At the Spark Summit New York, we announced Databricks Community Edition (CE) beta. CE is a free version of the Databricks service that allows everyone to learn and explore Apache Spark by providing a simple, integrated development environment for data scientists and engineers with high quality training materials and sample applications.
The community interest in Databricks CE beta has far exceeded our expectations. Within just a few days from the launch, several thousands of people put themselves on the waiting list! Given such demand, we have been hard at work to scale up the service and operations to give accounts to as many people as possible. The majority of people on the waiting list have now received accounts, and have started experimenting with Spark and Databricks.
One thing our users have particularly enjoyed in Databricks CE is exploring training materials and the collection of sample notebooks. Today, we are happy to announce the availability of additional materials, a MOOC course and two sample applications, for you to learn and explore Spark.
Machine Learning with Apache Spark MOOC
First, we are delighted to announce the release of all lectures and labs of our second Massive Open Online Course (MOOC), “Machine learning with Apache Spark,” which was taught by Ameet Talwalkar from UCLA on the EdX platform in July 2015. This is a five week course and introduces the underlying statistical and algorithmic principles required to develop scalable real-world machine learning pipelines.
When offered last year, this course was a huge success, with over 55,000 registered students, of which close to 15% graduated. This is more than twice the average graduation rate of the MOOCs taught on EdX and other premier online education platforms.

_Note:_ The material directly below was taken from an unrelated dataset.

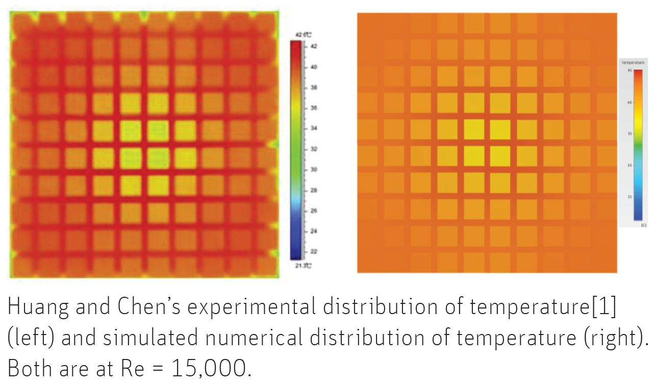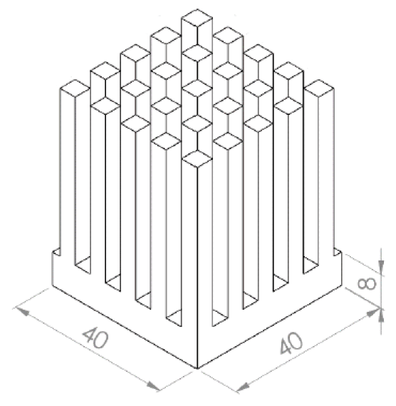 To begin, the paper "An impingement heat sink module design problem in determining simultaneously the optimal non-uniform fin widths and heights" by Huang and Chen was followed to create and validate a fluid-thermal model of a heat sink in ANSYS AIM. Once the model had been validated, a mesh study was conducted to check the sensitivity to the selected mesh. This allowed for a mesh size to be selected to optimize for the trade off between accuracy and computation time. It should be noted that the simulations were run on a quarter model of the heat sink to reduce the computation time. Symmetry wall conditions were used to ensure model accuracy.

This speaks volumes about the quality and the demand of this course, and now you too can learn from it in Databricks CE.
Analysis Pipeline Samples in R and Scala
Second, one of the most successful sample applications available on Databricks CE is an analysis pipeline on a sample of a million songs dataset. This analysis aimed to answer questions such as: When you first hear a song, do you ever categorize it as slow or fast? Is this even a valid categorization? If so, can one do it automatically? This analysis aims to answer such questions.
We wrote the original pipeline in Python. While Python is a very popular language, quite a few of our early users have asked us about porting the pipeline in other languages supported by Spark.

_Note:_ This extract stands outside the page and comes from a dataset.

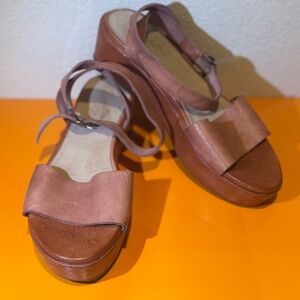 SEYCHELLES Monogram Flatform Brown Pebbled Leather Sandals Size 8.5

Today, we are happy to announce that we have ported this analysis pipeline in R and Scala, two other popular languages used by Spark users. Like in the original version written in Python, the Scala and R versions parse, explore and model a sample from the million songs dataset. This pipeline consists of three sections:
- ETL: Parses raw texts and creates a cached table.
- Explore: Explores different aspects of the songs table using graphs.
- Model: Uses SparkML to cluster songs based on some of their attributes.
Golden State Warrior Pass Analysis: 3rd Party Notebook
Finally, we are happy to include for the first time a notebook created by a Databricks CE user. Using graphs to visualize the number of passes between team members of the Golden State Warriors during the 2015-2016 season, this notebook leverages GraphFrames, a new Spark package that efficiently supports queries on graphs at scale, and a D3 library that performs visualization. As an example, this notebook demonstrates Databricks’ seamless integration with growing number third party packages. Today there are over 200 Spark packages.
The availability of rich content makes Databricks CE an ideal platform to learn spark, enable users to develop useful applications, and share their notebooks with the community.